Theresa May has been urged to reconsider the impact of leaving the European Union without a deal in a report that has caused a major rift in the Commons Brexit Select Committee.
Last week, angry Conservatives MPs stormed out of the meeting describing the 155-page document, which has now been published in full, as “too gloomy”.
However, the committee, chaired by Hilary Benn, said these assertions were “unsubstantiated” because the government had failed to assess the implications of such a scenario.
The clause, which has caused Eurosceptic MPs to disown their own report, comes after David Davis, the Brexit Secretary, admitted that he “could not quantify” the impact of failing to agree a new trade deal before 2019.
“Without an economic assessment of ‘no deal’ having been done and without evidence that steps are being taken to mitigate what would be the damaging effect of such an outcome, the Government’s assertion that ‘no deal is better than a bad deal’, is unsubstantiated,” it said.
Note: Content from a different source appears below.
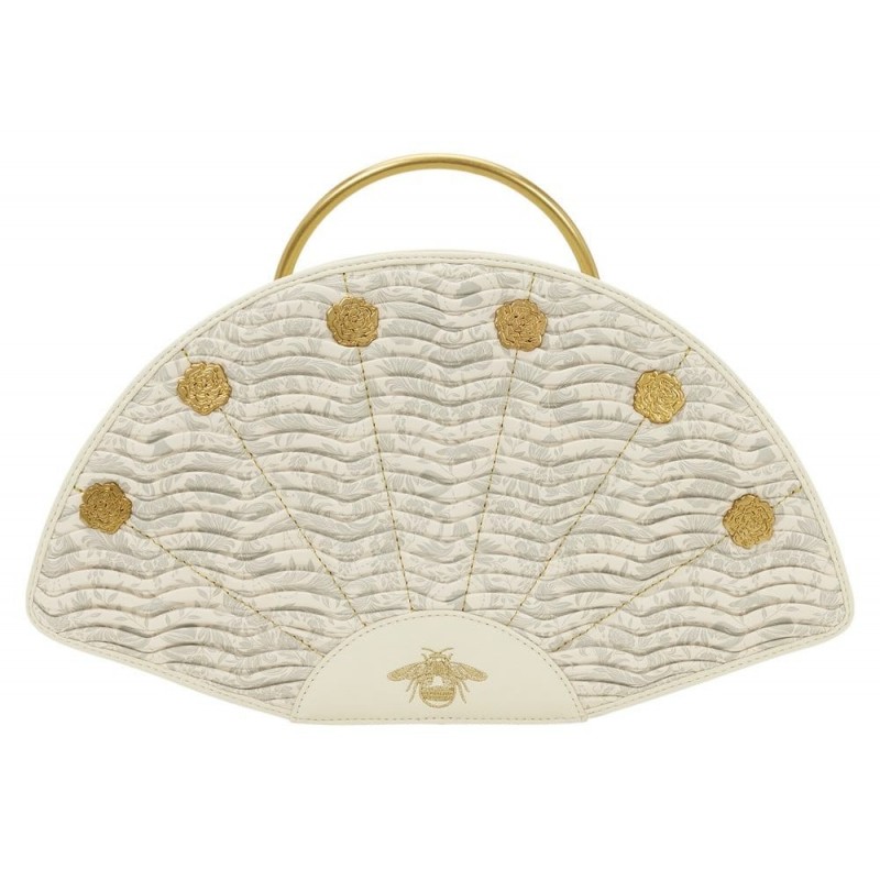 El diseño del bolso es un homenaje a la serie, con un patrón que evoca la sofisticación de la era regencia. El exterior presenta un color crema adornado con detalles dorados que añaden un toque de lujo. En su interior, el forro está decorado con motivos florales y elementos que recuerdan a la famosa serie, brindando un guiño sutil a los aficionados.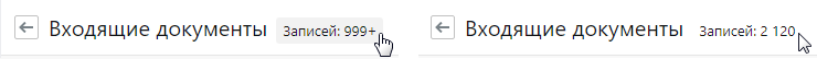 Примечание. Если список записей сформирован по результатам поиска по Elasticsearch (поиск по критериям или полнотекстовый поиск), то точное количество записей можно посчитать, только если их не более 10 000.

“Parliament must be in an informed position to decide whether a proposed deal is, in fact, better or worse than ‘no deal’.”
“The report was rushed, skewed and partisan,” said Dominic Raab, a Eurosceptic former Conservative justice minister. “After two reports that had strong support, it’s regrettable that this one split the committee.”
The report, which was backed by a majority of 11 to 6, also stated that Brexit doesn’t mean reducing immigration.
“The Government’s objective is to secure control of EU migration and this may not entail reducing numbers,” it said.
It added: “We note the Foreign Affairs Committee’s recent conclusion that a ‘no deal’ scenario ‘represents a very destructive outcome leading to mutually assured damage for the EU and the UK’. We share that view. It is, therefore, very important that both the UK and the EU avoid reaching the end of the two-year negotiating period without an agreement.”
The report also noted that “there is no precedent for the conclusion of a major, comprehensive bilateral or multilateral FTA [free trade area] covering goods and services within two years.”
“There is also no precedent for the negotiation of a major FTA between countries that are already convergent in legal and regulatory terms.
“It may be that starting from this position of convergence enables the terms of a future trade deal to be negotiated more quickly than comparable agreements such as CETA [Comprehensive Economic and Trade Agreement]. It is not yet evident, however, that the two-year timetable for achieving this is realistic.”
The report comes as President Donald Trump claimed Brexit could be a “very good thing” for both parties.